IV. Abuse of Process

    Plaintiff contends that defendant used the threat of and procured criminal process in order to coerce plaintiff to further apologize to defendant. Plaintiff argues that a disputed issue of fact exists as to “whether Officer Thompson's actions, as influenced by Ms. Parker's directions, should support an award of damages.”
    The North Carolina Supreme Court has defined “abuse of process” as “the misuse of legal process for an ulterior purpose. It consists in the malicious misuse or misapplication of that process after issuance to accomplish some purpose not warranted or commanded by the writ.” Fowle v. Fowle, 263 N.C. 724, 728, 140 S.E.2d 398, 401 (1965) (citation omitted) (emphasis in original); see also Hill, 142 N.C. App. at 541, 545 S.E.2d at 453 (dissenting opinion). “The distinction between an action for malicious prosecution and one for abuse of process is that malicious prosecution is based upon malice in causing the process to issue, while abuse of process lies for its improper use after it has been issued.” Barnette v. Woody, 242 N.C. 424, 431, 88 S.E.2d 223, 227 (1955) (emphasis supplied). The cause of action requires an act in the use of the process that is not proper in the regular prosecution of the legal process. Id. at 431, 88 S.E.2d at 227-28.
    Plaintiff contends that defendant acted improperly after thecitation was issued. Plaintiff argues that Officer Thompson's conduct of calling plaintiff on the telephone to ask whether he “was going to apologize to Ms. Parker so that the criminal trial could be dismissed” after the citation was issued was improper. We disagree.

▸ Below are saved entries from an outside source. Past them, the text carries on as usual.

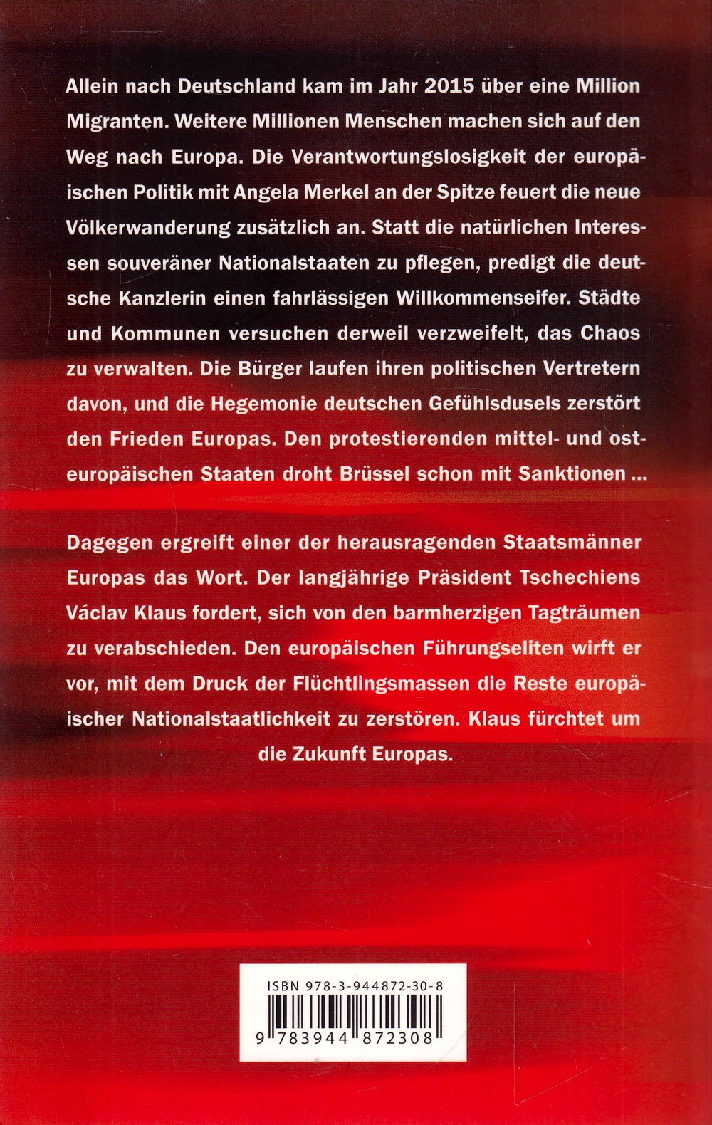Allein nach Deutschland kam im Jahr 2015 über eine Million Migranten. Weitere Millionen Menschen machen sich auf den Weg nach Europa. Die Verantwortungslosigkeit der europäischen Politik mit Angela Merkel an der Spitze feuert die neue Völkerwanderung zusätzlich an. Statt die natürlichen Interessen souveräner Nationalstaaten zu wahren, predigt die deutsche Kanzlerin einen fahrlässigen Willkommenseifer. Städte und Kommunen versuchen derweil verzweifelt, das Chaos zu verwalten. Die Bürger laufen ihren politischen Vertretern davon, und die Hegemonie deutschen Gefühlsdusels zerstört den Frieden Europas. Den protestierenden mittel- und osteuropäischen Staaten droht Brüssel schon mit Sanktionen … Dagegen ergreift einer der herausragenden Staatsmänner Europas das Wort. Der langjährige Präsident Tschechiens Václav Klaus fordert, sich von den barmherzigen Tagträumen zu verabschieden. Den europäischen Führungseliten wirft er vor, mit dem Druck der Flüchtlingsmassen die Reste europäischer Nationalstaatlichkeit zu zerstören. Klaus fürchtet um die Zukunft Europas.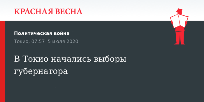 Голосование на губернаторских выборах начались в японской столице Токио 5 июля, сообщает телерадиокомпания NHK.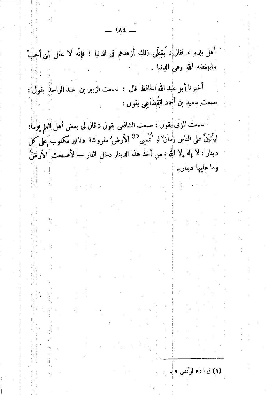 سمعت المزني يقول: سمعت الشافعي يقول: قال لي بعض أهل العلم يوما: ليأتيَنَّ على الناس زمانٌ لو تُمْسيِ (١) الأرضُ مفروشة دنانير مكتوب على كل دينار: لا إله إلا الله، من أخذ هذا الدينار دخل النار - لأصبحت الأرضُ وما عليها دينار.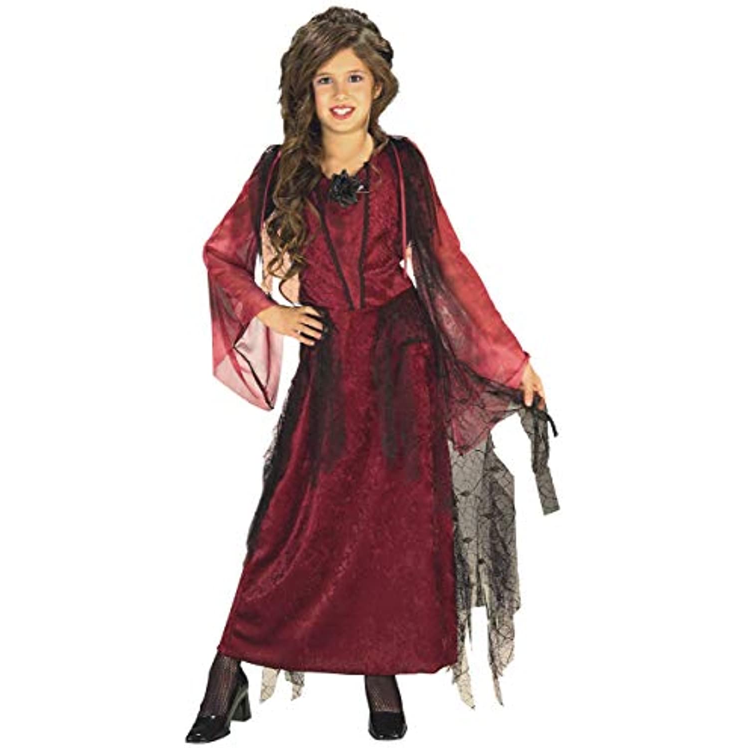 Now your child can become the Gothic vampiress they've been wanting to be in this costume dress. Red velvet, full length dress with long sheer sleeves, attached black Webbed netting on shoulders and at waist. Great look for vampires, or witches too! Important: Costumes are sized differently than apparel, use the Rubies child size Chart in images, read recent reviews and Q & a to determine best fit, do not choose based on child's age or clothing size. Coordinate together with other vampire or classic spooky Halloween costumes by Rubie's; look for vampires, witches, ghosts, zombies and more available in styles and sizes for baby/toddler, children, adult, and pets too For everyone to join in on the dress up fun! Family-owned, family-focused and based in new York since 1951. As the world's largest designer and manufacturer of costumes Rubie's brings fun and fantasy to dress-up. Offering everything from full mascot suits to masks and wigs, from deluxe licensed costumes to simple starter pieces, from costume shoes to character make-up, and so much more. Rubie's promotes safety in dress-up, so you can relax and have a great time while looking The part. Look to Rubie's for every costume occasion and season: Halloween, Christmas, Mardi Gras, Easter, and all occasions in-between.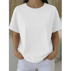 Dames 100% Katoenen Oversized T-shirt Tee Effen Kleur Stijlvol Klassiek Casual Korte Mouwen Ronde Hals Reguliere Tops Dagelijks Uitgaan Zwart Wit Marineblauw Donkergroen Taupe Zomer Lente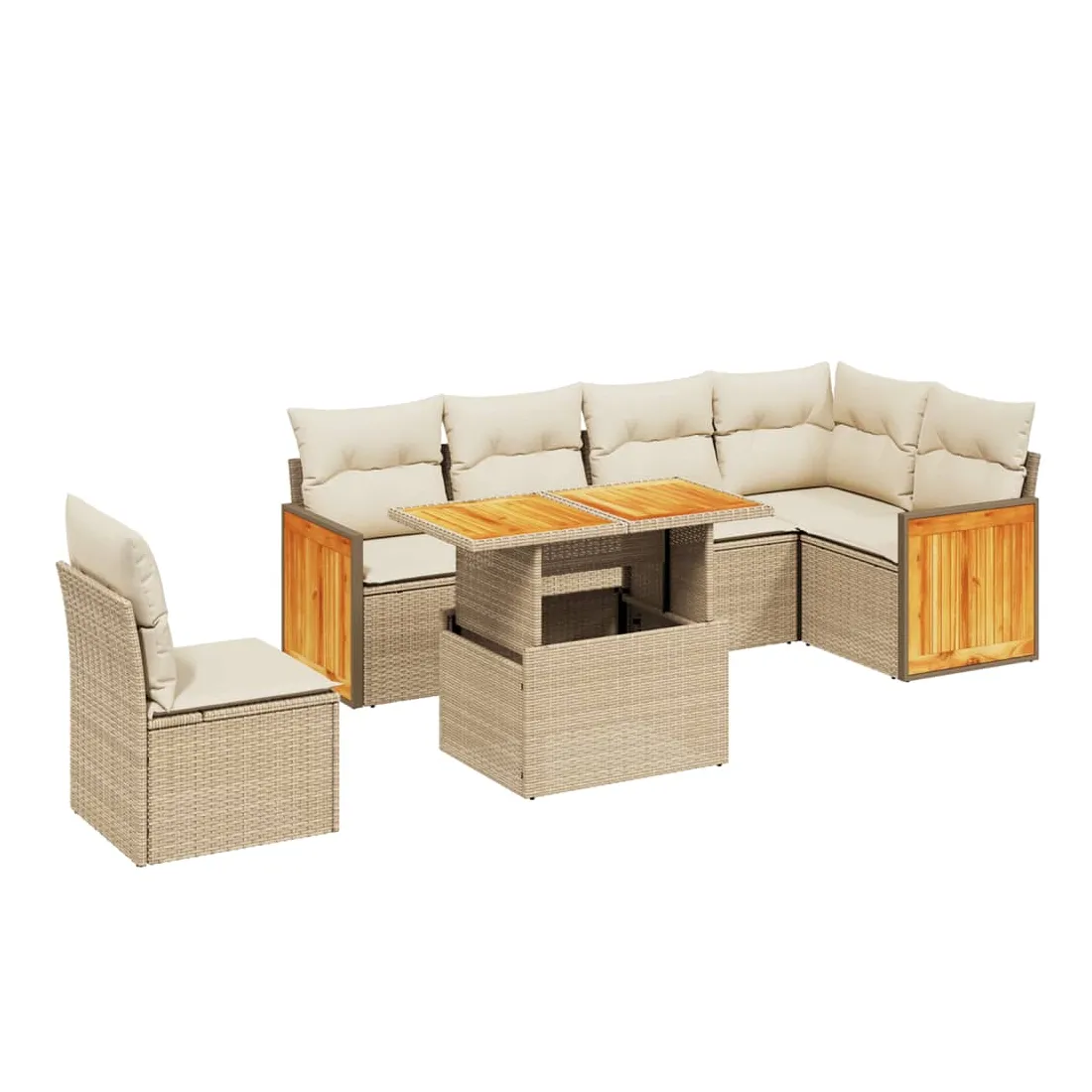 Cet ensemble de canapés de jardin est le complément parfait de votre arrière-cour, terrasse ou patio, offrant un espace confortable et accueillant pour discuter avec la famille et les amis ou simplement se détendre et profiter de l'extérieur. Matériau durable : la résine tressée, également connue sous le nom de poly rotin, est un matériau synthétique solide et nécessitant peu d'entretien qui ressemble au rotin naturel. Il est léger, facile à nettoyer et couramment utilisé pour les meubles d'extérieur en raison de sa durabilité et de ses propriétés de résistance aux intempéries.Dessus de table réglable : le dessus de table peut être soulevé pour rendre la table plus haute, ce qui transforme la table d'extérieur d'une table basse à une table de salle à manger. Elle est parfaite pour recevoir des invités ou prendre des repas à l'extérieur.Housse amovible et lavable : ces coussins de siège sont dotés de housses amovibles pour un lavage et un entretien faciles.Conception modulaire : cet ensemble de meubles d'extérieur a une conception modulaire, ce qui le rend complètement flexible et facile à déplacer, afin que vous puissiez créer un agencement de meubles d'extérieur personnalisé. Bon à savoir :Pour que vos meubles d'extérieur restent beaux, nous vous recommandons de les protéger avec une housse imperméable.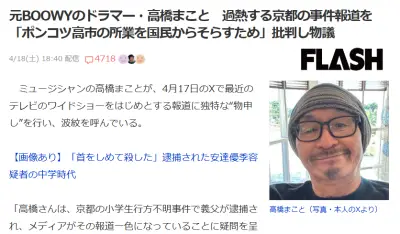 【京都小6男事件】BOOWY元ドラム高橋まこと「ポンコツ高市のアホ所業を国民の目から隠すため」事件報道と政権批判を結び付け波紋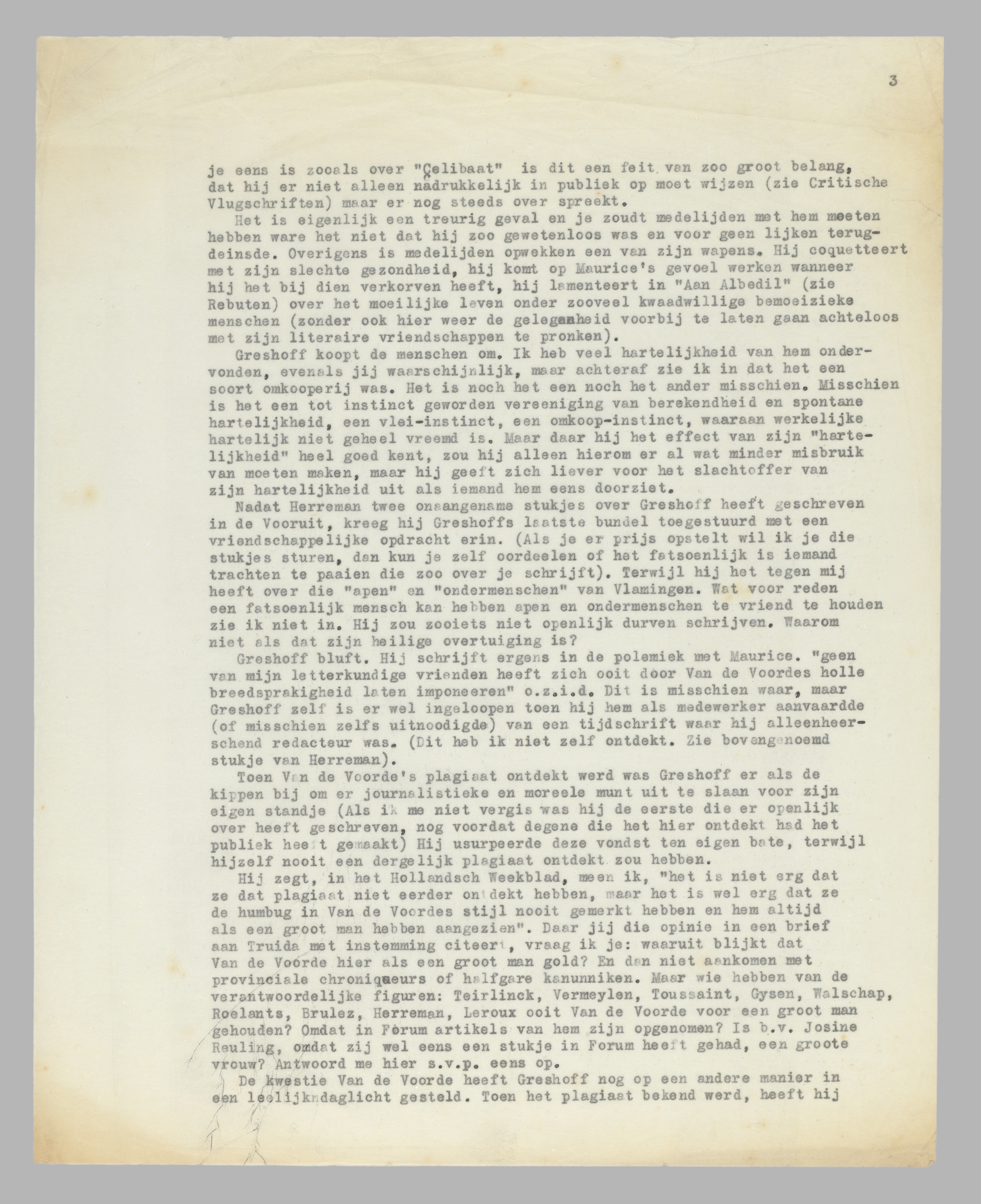 Nadat Herreman twee onaangename stukjes over Greshoff heeft geschreven in de Vooruit, kreeg hij Greshoffs laatste bundel toegestuurd met een vriendschappelijke opdracht erin. (Als je er prijs opstelt wil ik je die stukjes sturen, dan kun je zelf oordeelen of het fatsoenlijk is iemand trachten te paaien die zoo over je schrijft). Terwijl hij het tegen mij heeft over die ‘apen’ en ‘ondermenschen’ van Vlamingen. Wat voor reden een fatsoenlijk mensch kan hebben apen en ondermenschen te vriend te houden zie ik niet in. Hij zou zooiets niet openlijk durven schrijven. Waarom niet als dat zijn heilige overtuiging is?

    Although Officer Thompson testified that defendant called him and asked whether she could dismiss the charges, defendant's act was not improper. The acts of Officer Thompson were not the acts of defendant. Nor is there any evidence of a quid pro quo. Plaintiff was not required to further apologize to defendant as a condition of dismissal of the citation. Plaintiff failed to forecast any other evidence that defendant acted improperly or engaged in conduct that misused the legal process after the citation was issued. This assignment of error is overruled.
V. Summary

    Since we hold that probable cause existed to issue the citation, and that defendant did not engage in any improper act after the citation was issued, we affirm the trial court's grant of summary judgment for defendant.
    Affirmed.
    Judges MARTIN and THOMAS concur.